There is a word of caution I thought I'd share with those who are aspiring to join the IAS and other civil services in India – that they will effectively become ENEMIES of the Indian people. There is virtually no way to escape from that outcome.
A picture below that I shared on FB (It is a slight tweak of something I found on FB):
And now some comments I shared on FB:
We DO NOT need the IAS. It is a DISASTER. We need a merit-based contractual appointment system. The IAS is poison for India. With a modern administrative system India will do FAR better.

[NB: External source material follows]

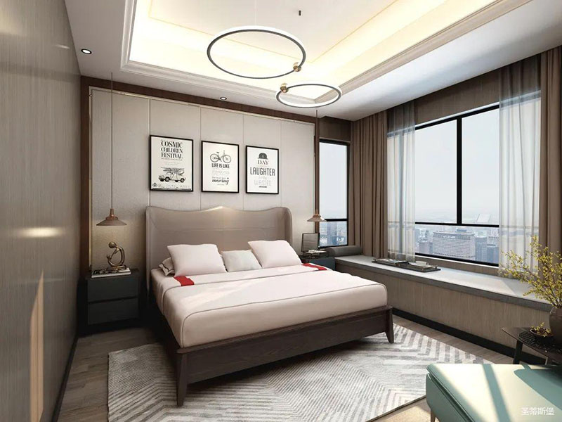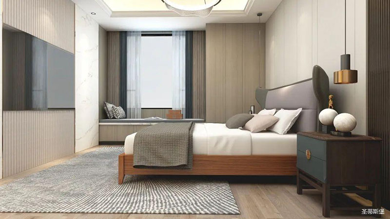 卧室精简有致,从质感出发,打造由内而外的优雅奢华感。背景墙、地板、地毯均拥有较强的肌理感,在加上金属软装饰物调和,让空间在低调内敛的基础上又不失时尚的高级感,飘窗进阶为温馨的一角,闲暇时,则可倚窗而坐,品一杯红酒,感受生活中的惬意时光。

And, of course, we need excellent politicians as well. (read http://bfn.sabhlokcity.com/)
[Those who join the IAS are] the implicit SUPPORTERS of corruption and socialism.
[Those who want to join the IAS] must closely watch out for the 'system'. If you allow yourself to be co-opted and therefore serve the corrupt, you will become the enemy of the people.
Reminder: My Times of India article: http://articles.timesofindia.indiatimes.com/2007-07-30/edit-page/27952090_1_ias-officers-bureaucracy-public-sector
The Indian Administrative Service might have made sense in 1947, in the face of the limitations of time to work out alternative, better forms of administration. But the IAS makes no sense now.
I think it stopped making sense perhaps from 1950. Three years from independence was enough time for the Constituent Assembly to work out a better model of civil service for India, but clearly the Constituent Assembly did not put its mind to this question, and unthinkingly brought in unprecedented job security for this hopelessly outdated colonial service.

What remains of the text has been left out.